You can start by discarding these triplicates containing unsightly lens flares. These images can't be salvaged. Unless you want to stick them on your wall.
Lens flare is a common technical mistake among amateurs who point their camera at the sun. A good way to ruin your camera's sensitive light sensor, not to mention your eyes.
Best practice while you're learning is to keep sun directly overhead or slightly behind your shoulder. You'll get better pictures that way.
If you're serious about learning photography, consider taking some structured courses online or at your community college. Join a local photography club and practice, practice, practice.
Snapshots are OK for sharing with friends & family on social media. But that's not what Stock customers come here for. Adobe's customers are paying for highest visual and technical quality to use in commercial projects like billboard & magazine ads, TV commercials, movies, merchandise like T-shirts, calendars, tote bags, etc...
To be a successful Stock contributor, think about what the customer will buy. Have a look at what other Stock Contributors are doing in your keyword category. Is your work as good or better than what's represented? As a customer, would you buy it? What would you use it for? These are important questions to ask yourself BEFORE submitting to Adobe Stock.
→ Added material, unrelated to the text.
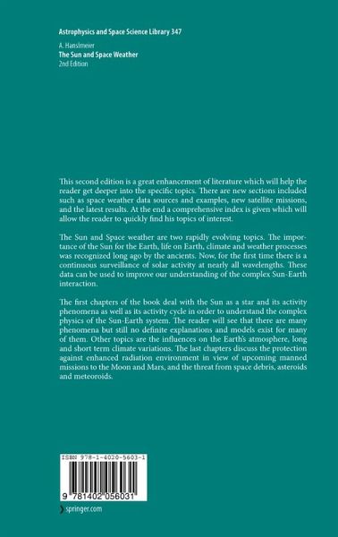 The field of solar physics and solar--terrestrial relation, now called space weather, is evolving rapidly. As in the first edition, it is assumed that it is inevitable for the reader to get some basic knowledge in solar physics since the Sun is the main driver for space weather The term space weather itself has been gaining more and more attention during the past years as our society becomes more and more dependent on satellites, which are vulnerable to varying conditions in space. Space weather efforts and investigations are being made all over the world and more and more is known about the complex relations of processes on the Sun and the Earth and its space environment. The term space climate nowadays includes the long-term variations caused mainly by the Sun on the Earth and the interplanetary space. As in the first edition of the book, this edition also covers these topics but new chapters have been introduced, e. g. , a chapter on real-time space weather forecasts and some main space weather data sources. All the chapters have updated information, taking into account the results of new satellite missions and telescopes. The book also includes a great amount of new literature (more than 340 original citations) so that the reader is able to go into more details, if required in the respective chapters.
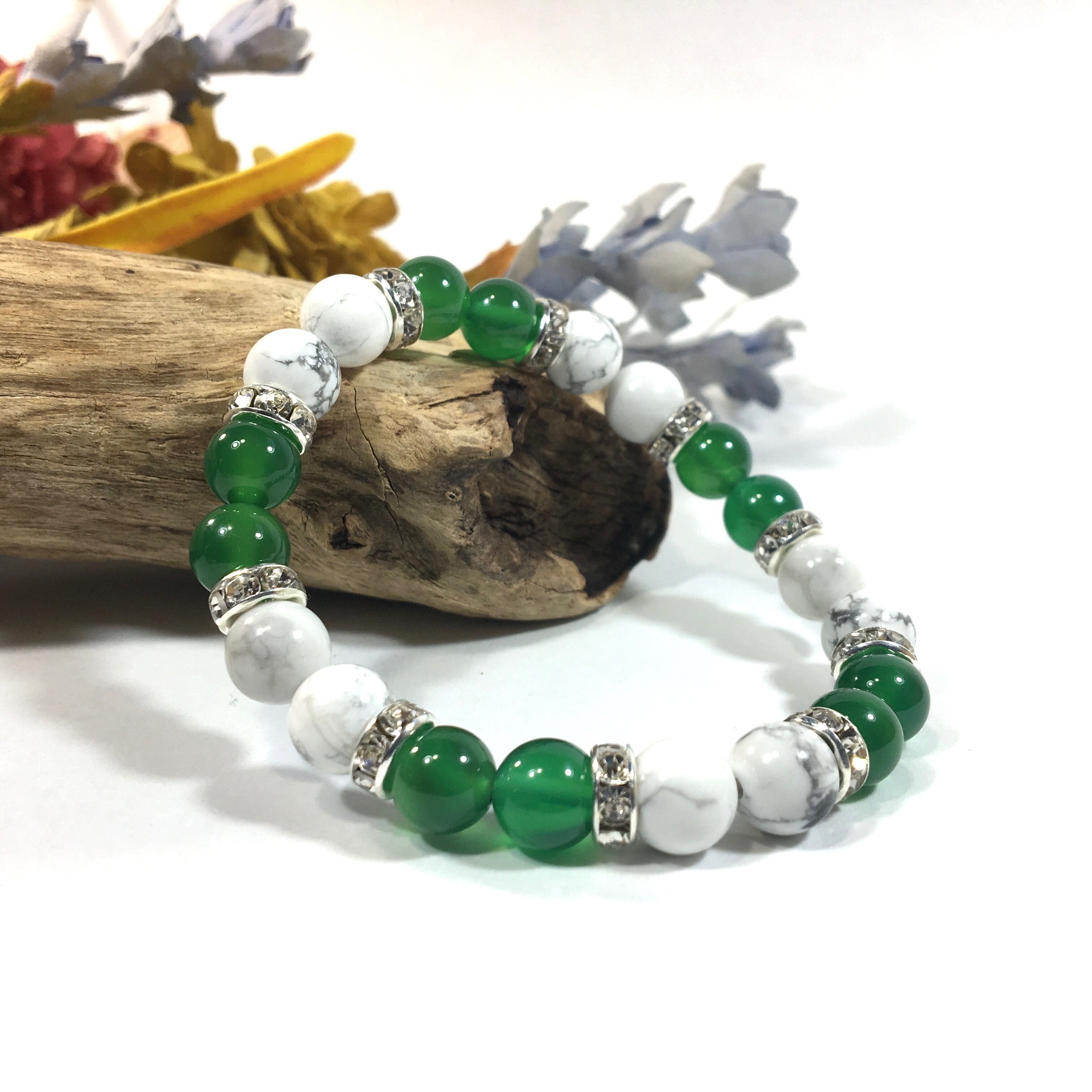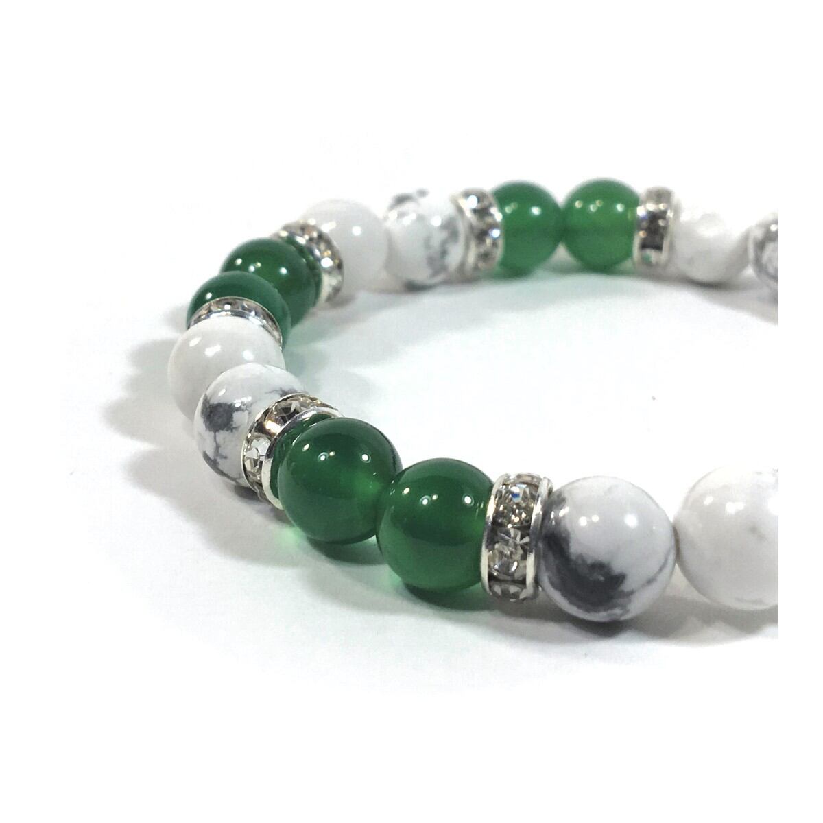 こちらは、8mm玉のハウライトと緑瑪瑙を使ったパワーストーンブレスレットです。シンプルなデザインでどんなコーディネートにも合わせやすいデザインに仕上げています。サイズは内周約15cmです。気になる方は是非この機会にどうぞ。

like big issues? critical issues? I dont see them. maybe they are not perfectly perfect, but I like them, I would use them. Dont you think they are beautiful anyway?
besides that what previous users wrote it also could be if you did not give also a Model release alongside with the photos that this also could be an issue.
Also before you submit, please review the submission guidelines carefully and compare your work with other Stock inventory.
if you read the guidelines and follow those it should be no problem to get more representable Photos. Always have in mind that Stock Photography is not the same as Landscape or Portrait. Many users want to use those photos for commercial use so it has to be of good quality. Its more about how those Photos can be used for Advertisements, Posters, Flyers, etc. If you have such in mind it should be going better over time. Hope that helps.
Well, the first thing is - Adobe TOLD you why they rejected the images. Messages like "Quality problems" "technical issues", "IP violation", "artefacts" and many more. So please, for each image, share the exact reason that they gave. Because if we guess, we could waste your time by guessing wrong.